(EXTRACTED MATERIAL):
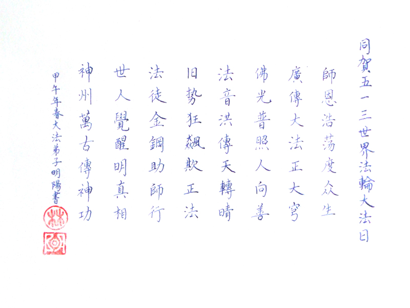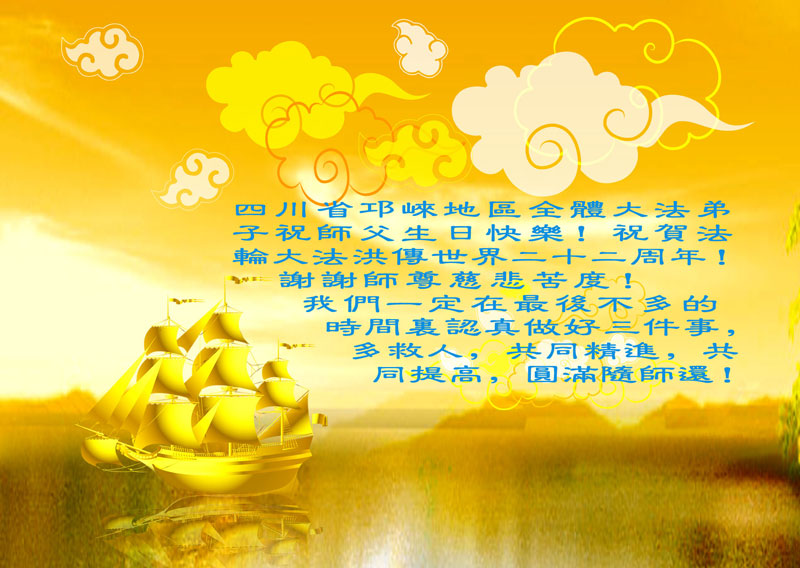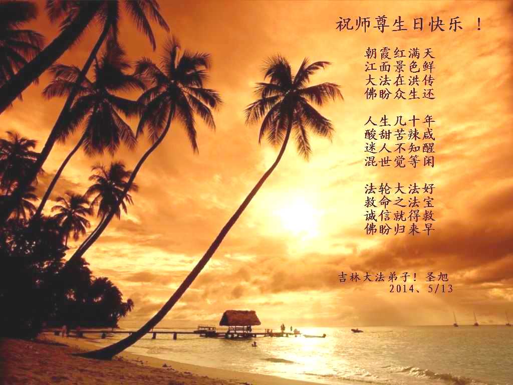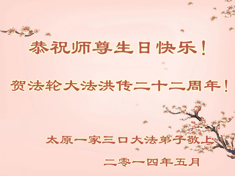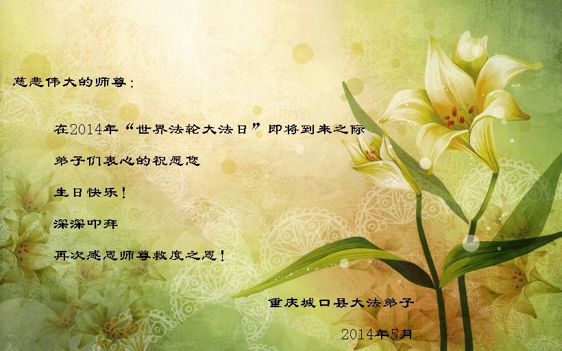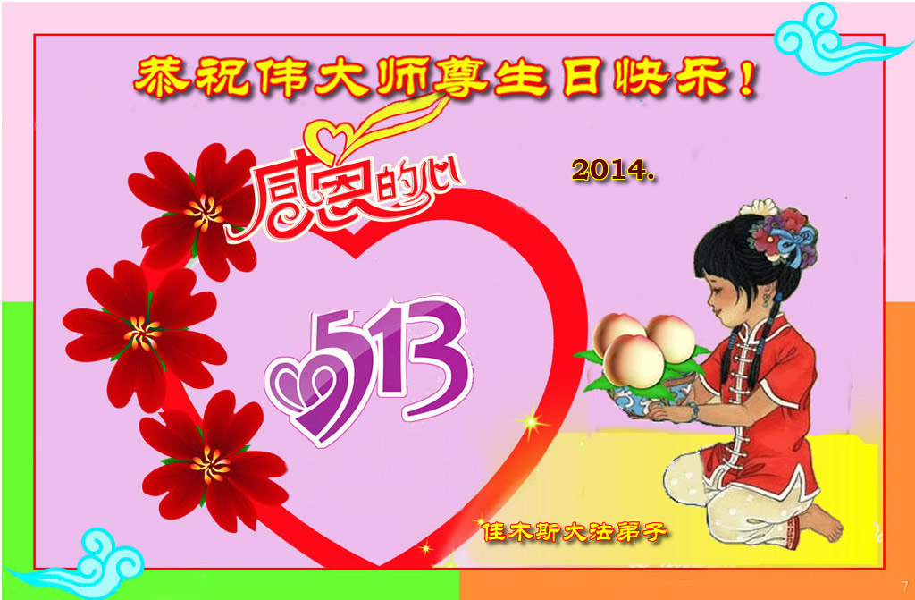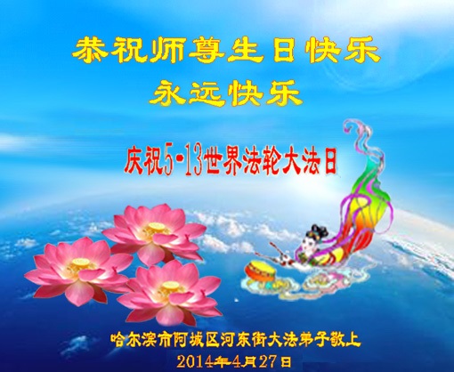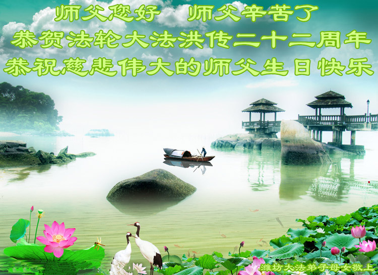 <英文版: http://en.d2s3ombhnov3zf.cloudfront.net/html/articles/2014/5/10/641.html>明真相世人恭贺大法洪传二十二周年暨师尊华诞(15条)
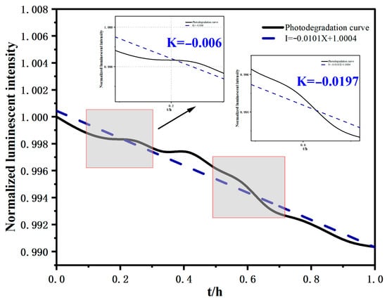 In PSP measurement, the light attenuation of coatings is related to its own attenuation rate. The error between light attenuation and PSP pressure measurement can be described by Formula (8), where is the attenuation percentage, which will be described in detail below. Given that photodegradation cannot be overlooked in experiments involving minor pressure fluctuations, the photodegradation rate of the pressure-sensitive paint (PSP) is defined as the rate of change in luminous intensity under reference pressure, denoted as [].
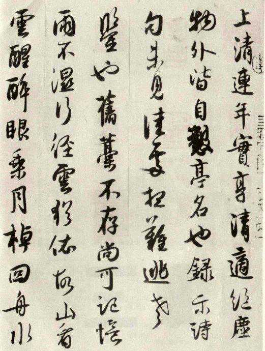 元赵孟頫云:“道祖书如王、谢家子弟,有风流之习。”又云:“脱略唐、宋,齐踪前古,岂不伟哉!”又云:“薛书诚美,微有按模脱击之嫌。”
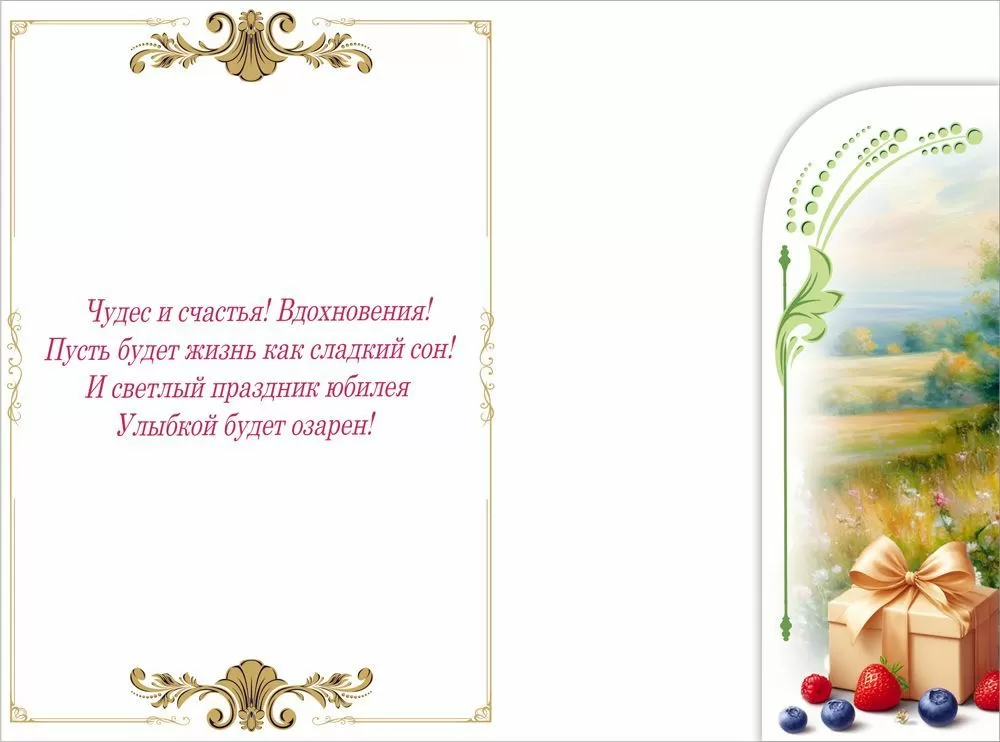 Открытка «С юбилеем!» с клапаном в формате А5 станет прекрасным дополнением к подарку и украсит любое поздравление. Романтичный дизайн придется по душе каждой! На открытке изображено зеленое поле, теряющееся вдали. На переднем плане расположились букет белоснежных роз, чайная пара из фарфора и кусочек ягодного торта. Внутри открытки есть замечательные стихи с теплыми пожеланиями и специальный карман для денег. Такой презент можно вручить в качестве основного подарка или в дополнение к нему, чтобы украсить поздравление и сделать его более оригинальным. Изделие выполнено из качественных материалов, что обеспечивает ему прочность и долговечность, поэтому оно станет чудесным памятным сувениром для получателя.
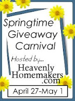 Click on over to Heavenly Homemaker’s Springtime Giveaway Carnival to enter more giveaways!!! Have fun!!!
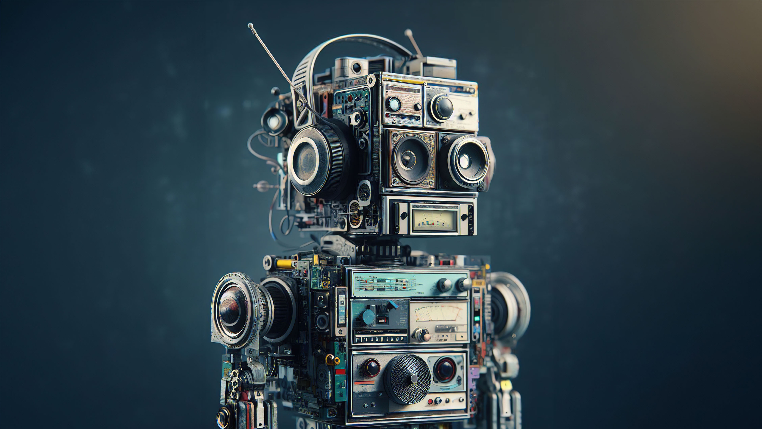 This unique artwork showcases a robot made from classic audio and visual devices, embodying the spirit of retro tech ingenuity.

(DIRECTIONS FOR THIS TASK):
Omitting all pictures, restate word for word the lines from the one containing "Click on over" through the last line of the data.

(ANSWER):
 Click on over to Heavenly Homemaker’s Springtime Giveaway Carnival to enter more giveaways!!! Have fun!!!
 This unique artwork showcases a robot made from classic audio and visual devices, embodying the spirit of retro tech ingenuity.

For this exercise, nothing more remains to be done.